L'ANALISI
20 Febbraio 2025 - 18:52
Marco Pezzoni (Tavola pace), Francesca Bignelli (Libera), Giovanni Impastato e Beppe Sorini (Anpi)
CREMONA - «Possiamo tranquillamente dire che oggi, nell’Italia del 2025, c’è più mafia in Lombardia che in Sicilia». Lungi dal fare una classifica dei territori più contaminati, il messaggio di Giovanni Impastato, fratello del militante e giornalista vittima di mafia Peppino, è chiaro: le cosche negli anni hanno cambiato volto, territori e metodi. E per continuare a parlarne, «per non voltarsi dall’altra parte e continuare a combattere questo cancro», Anpi provinciale, Libera contro le mafie e Tavola della pace hanno organizzato, tra martedì e oggi, 4 incontri sparsi per il territorio con Impastato, impegnato in una lunga e ostinata battaglia nel solco dell’impegno che fu di suo fratello.
«Non è più come ai tempi di Peppino: oggi la mafia ha più il suo fondamento nel controllo muscolare del territori, nello scontro violento con lo Stato». Certo, non sono venuti meno i traffici classici dei clan, primo fra tutti quello di droga, ma a questi se ne sono affiancati altri, ancor più redditizi: «Hanno seguito i grandi flussi di denaro. Oggi abbiamo a che fare con una borghesia mafiosa che, tramite un esercito di prestanome dal colletto bianco, intercettano e si appropriano di milioni e milioni di euro. Si inseriscono in appalti e nelle gare per la realizzazione di grandi opere presentandosi come professionali e tanti amministratori, anche in buona fede, finiscono per favorirli».
Rispetto al territorio cremonese, Impastato, che in mattinata ha incontrato il sindaco Andrea Virgilio, ha potuto constatare: «Un impegno importante del Comune per contrastare il fenomeno. In particolare il sindaco mi ha parlato dell’impegno della Guardia di Finanza, che monitora tutta la questione degli appalti». Certo, i recenti dati della Prefettura, che parlano di oltre 400 imprese della Provincia ‘potenzialmente prossime alla criminalità organizzata’ non possono far abbassare la guardia. E soprattutto non possono far venire meno l’impegno, prioritario per Impastato, alla prevenzione.
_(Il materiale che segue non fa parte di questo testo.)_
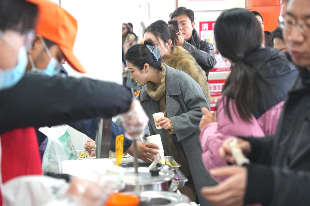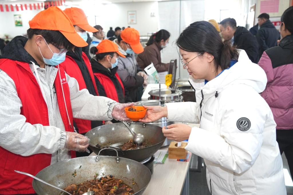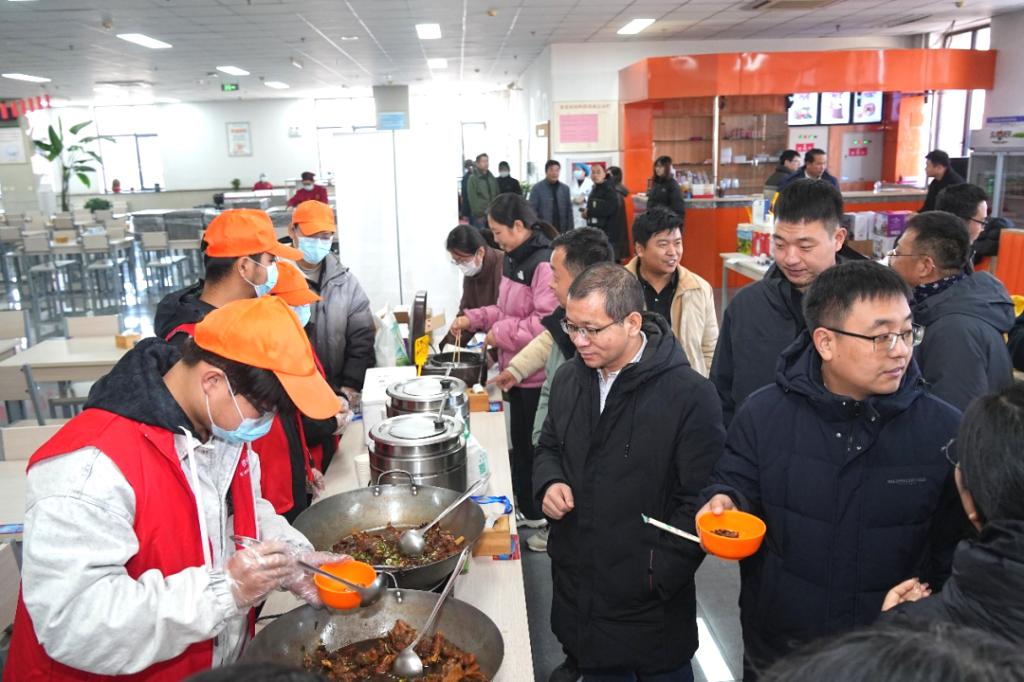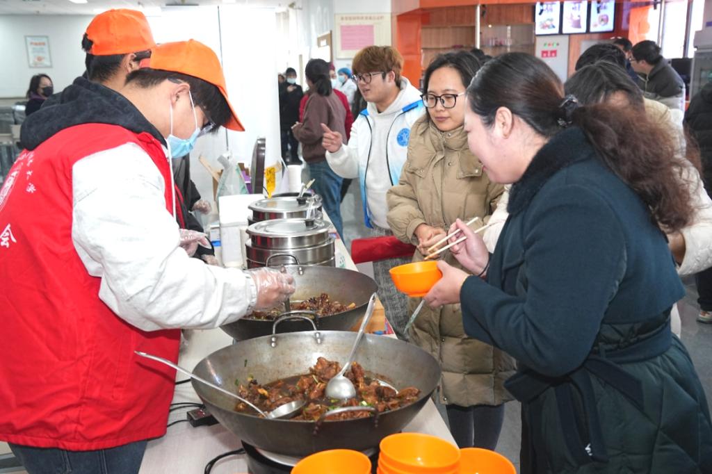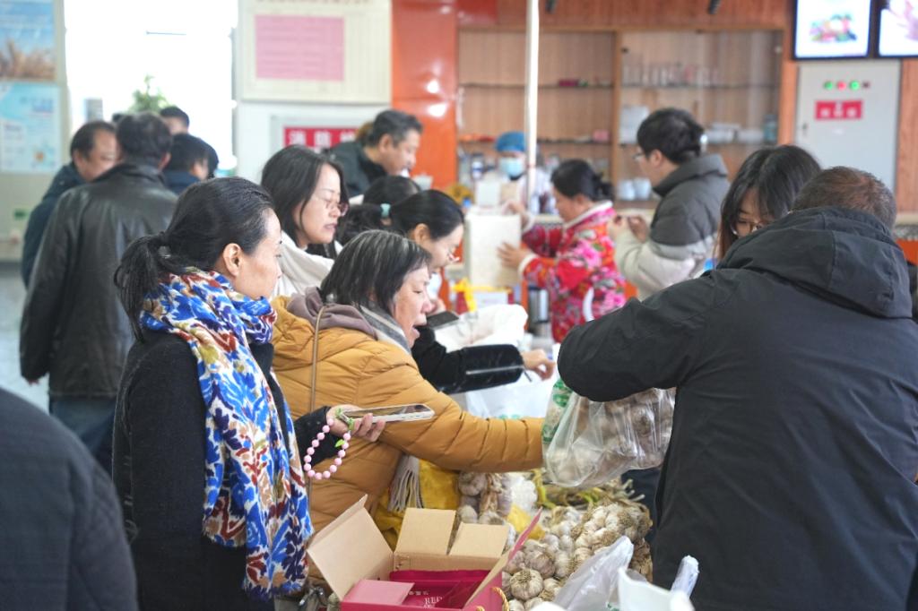 上午11:30,东棘坨镇特色农产品展销大集在学校教职工食堂三楼开市。展区精心布置了革命老区特色农产品,包括红瑶红薯、水果萝卜、大葱、大蒜、蟹田稻米等,品类丰富。品尝区内,现场烹制的红薯、水果萝卜、炸金蝉、炖柴鸡等绿色美食吸引了众多教职工驻足。家庭农场主和农户详细介绍了农产品的种植、培育、无公害处理及加工流程;志愿者有序引导教职工品尝选购,多款农产品迅速售罄。广大教职工表示,将通过线上预订和线下组织“中德大集”等形式,持续参与消费帮扶。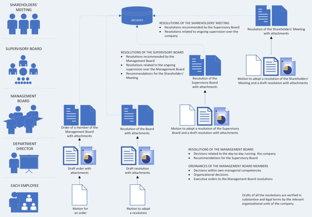 The description of the procedures has been prepared in text and graphic form. The text was developed in accordance with the principles of legislative technique, while the graphic part presented procedural paths in the form of flow diagrams. A separate place is devoted to the description of the principles of archiving documents related to the activities of the company’s bodies. An integral part of the description of the rules of conduct was also a set of 18 appendices, setting out templates for applications, notifications, meeting agendas, presentations, orders, resolutions and minutes.
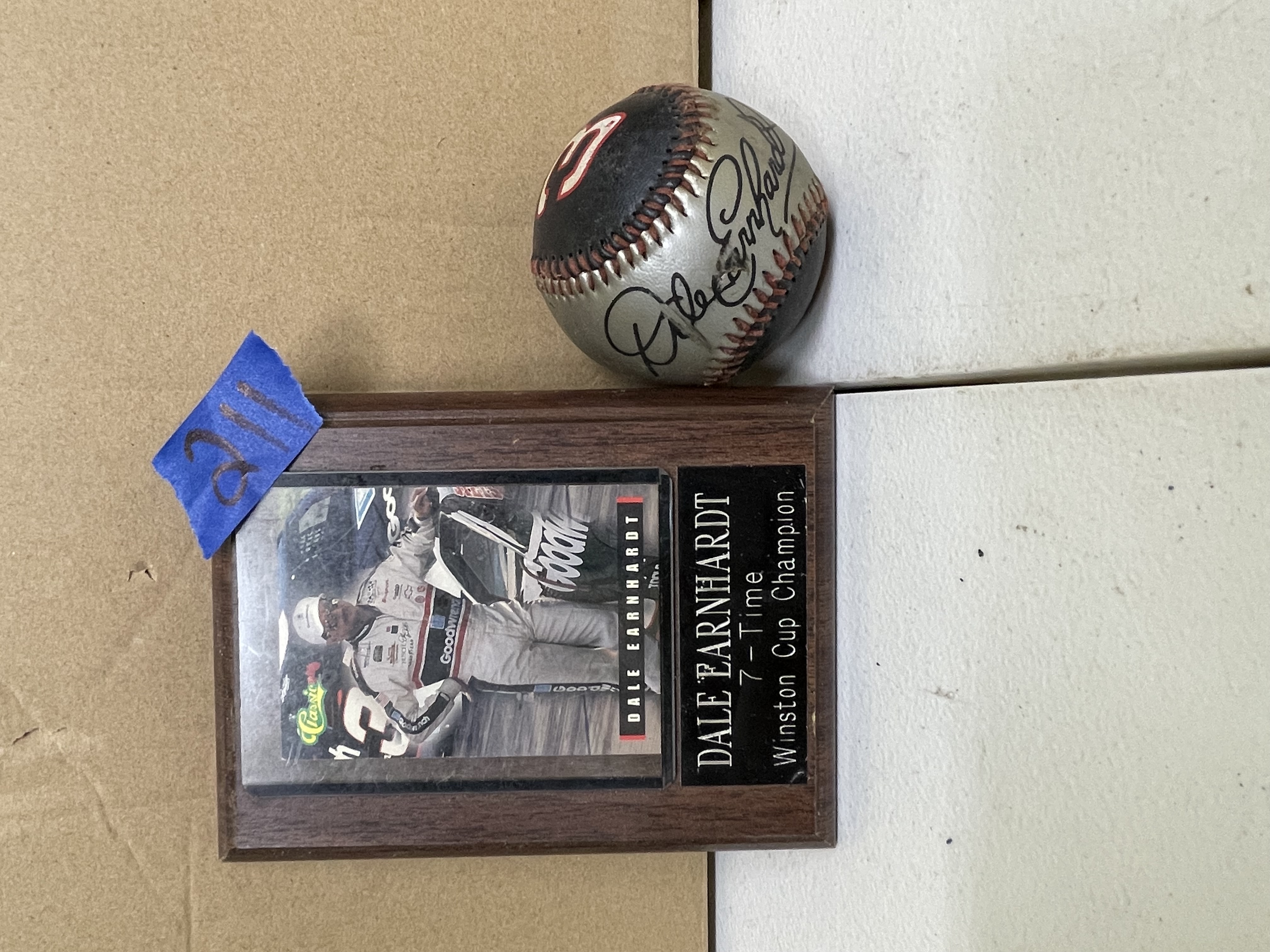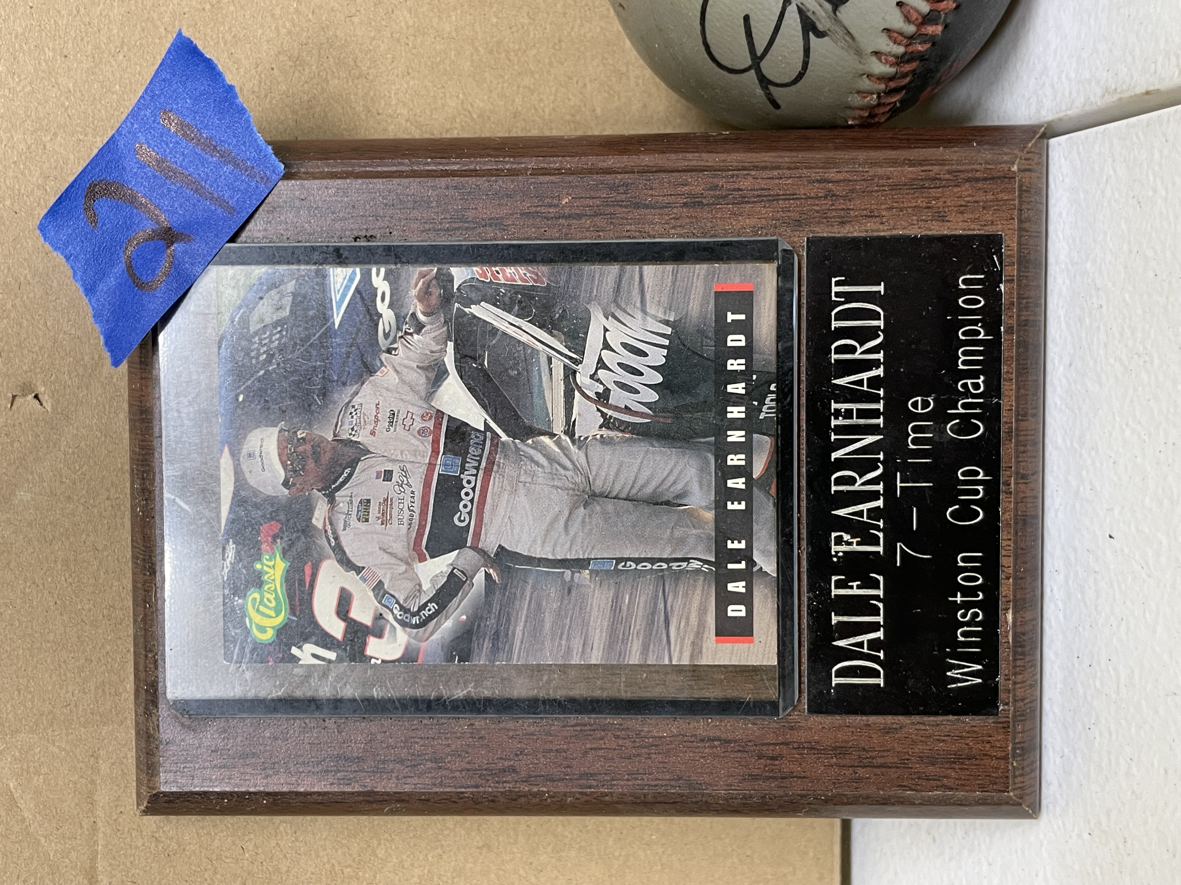 Dale Earnhardt 7 Time Winston Cup Champ Framed Card and “signed” baseball. Baseball does have a small, slight rip. Shipping available.

«Ma troppo spesso manca la volontà politica di farlo. A partire dal fatto che ormai si racconta la mafia come un dato di fatto. E invece possiamo sconfiggerla, noi con la Casa della memoria e con tutti gli altri progetti nei beni confiscati alle cosche, la sconfiggiamo ogni giorno facendo memoria là dove si progettava corruzione, crimini e morte». Ma «bisogna cambiare il modo di raccontare la mafia ai ragazzi. Dobbiamo smetterla di considerare la mafia come ‘un altro stato’: la mafia è oggi dentro il nostro stato, collusa e garantita da decenni. Per questo la legalità, per noi, non può essere solo il rigido rispetto delle regole ma piuttosto il rispetto della dignità umana, troppo spesso offesa proprio da leggi in contrasto con i nostri principi costituzionali».